Paul Thorn - The Historic Rogue Theatre - Grants Pass, OR - 07/19/17

Who
Paul Thorn
When
Wednesday, July 19, 2017
8:00pm - All Ages
Where
143 SE H Street
Grants Pass, OR, United States 97526

The Rogue Theatre opened its doors in 1938 as one of the few theaters built during the heart of the Great Depression. Crowds filled her seats to watch Spencer Tracy, Clark Gable, and Marlene Dietrich on the silver screen. News Reels brought home the battlefront during the “Big War.” Through the fabulous 50′s, and the turbulent 60′s the theatre attracted crowds to downtown Grants Pass. As years passed, the advent of television, multiplex cinemas and shopping malls made it difficult for the aging theatre to compete. Closing it’s doors in 1999

In 2000, the Rogue Theatre was reopened as a regional non-profit performing arts center. Complete with state-of-the-art sound and lighting. The Rogue is now capable of hosting a wide range of arts and cultural events, including theater, concerts, dance and film presentations.
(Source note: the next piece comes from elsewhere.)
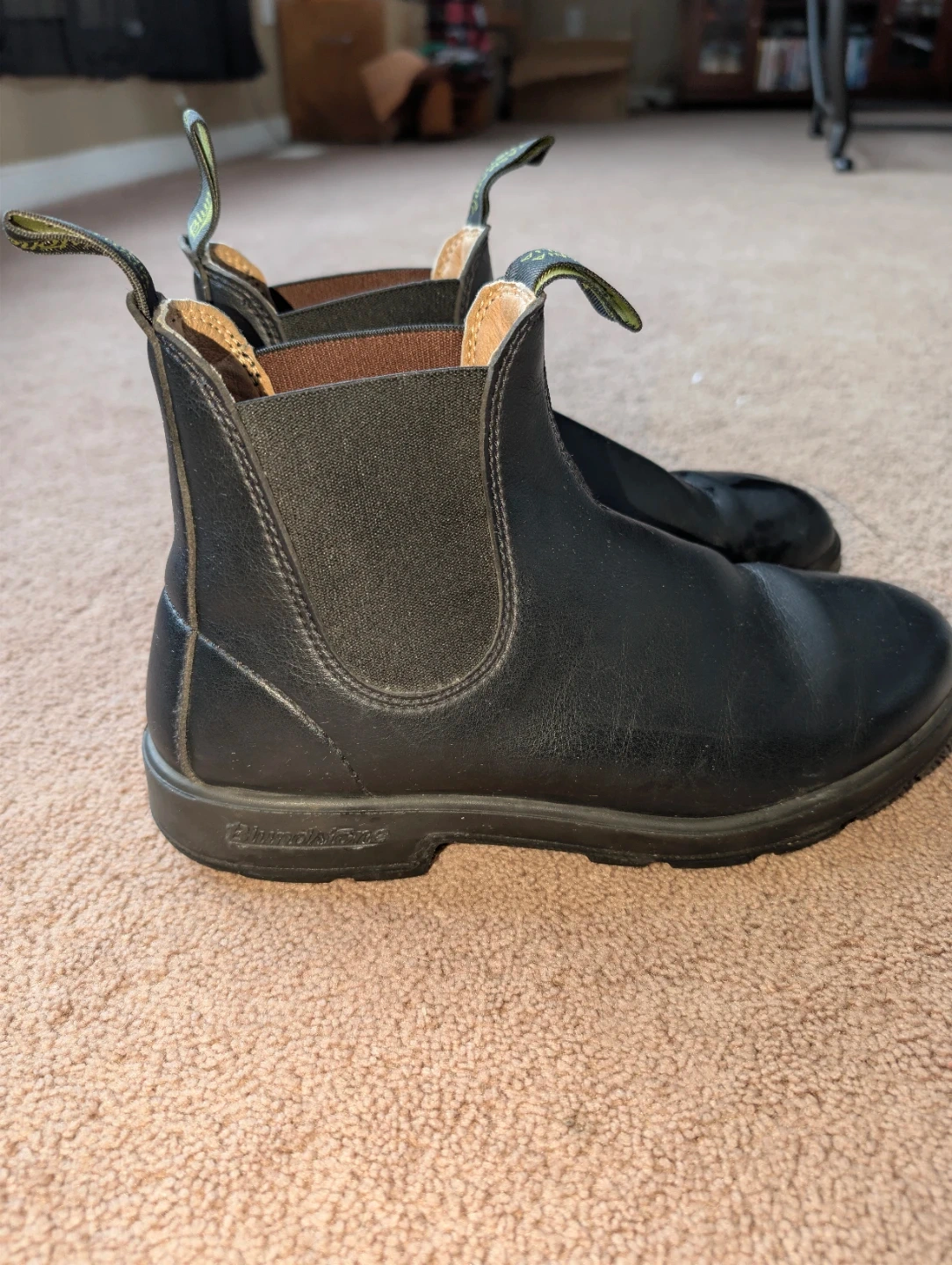 Classic Blundstone Chelsea boots in black leather. Features elastic side panels for easy on and off. Durable construction for everyday wear. These boots are waterproof and breathable.

The Rogue Theatre is one of Grants Pass’ most prominent historical buildings. The Art Deco exterior and glowing neon marquee add to the warmth and charm of the city’s historical district. It has been recognized as both an important statewide and national historic resource. The ongoing restoration the theatre with the generosity of The Carpenter Foundation and the Myers Trust, as well as local patrons, has preserved one of the city’s few remaining landmark buildings.

Other Info
Paul Thorn at The Historic Rogue Theatre in Grants Pass, Oregon.
Thorn is the son of a Pentecostal preacher; gospel music was in his blood from birth and has remained a lifelong passion. Music wasn’t his first choice as a profession, however; boxing was. He fought professionally in the 1980s. After retiring, he embraced music, but continued to pay the rent with a day job — until music entrepreneur and manager Miles Copeland heard him play a show in a Tupelo pizzeria. Copeland signed him to A&M. His debut album, Hammer and Nail, was issued in 1997. Thorn moved to Copeland’s Ark 21 for 1999’s Ain’t Love Strange.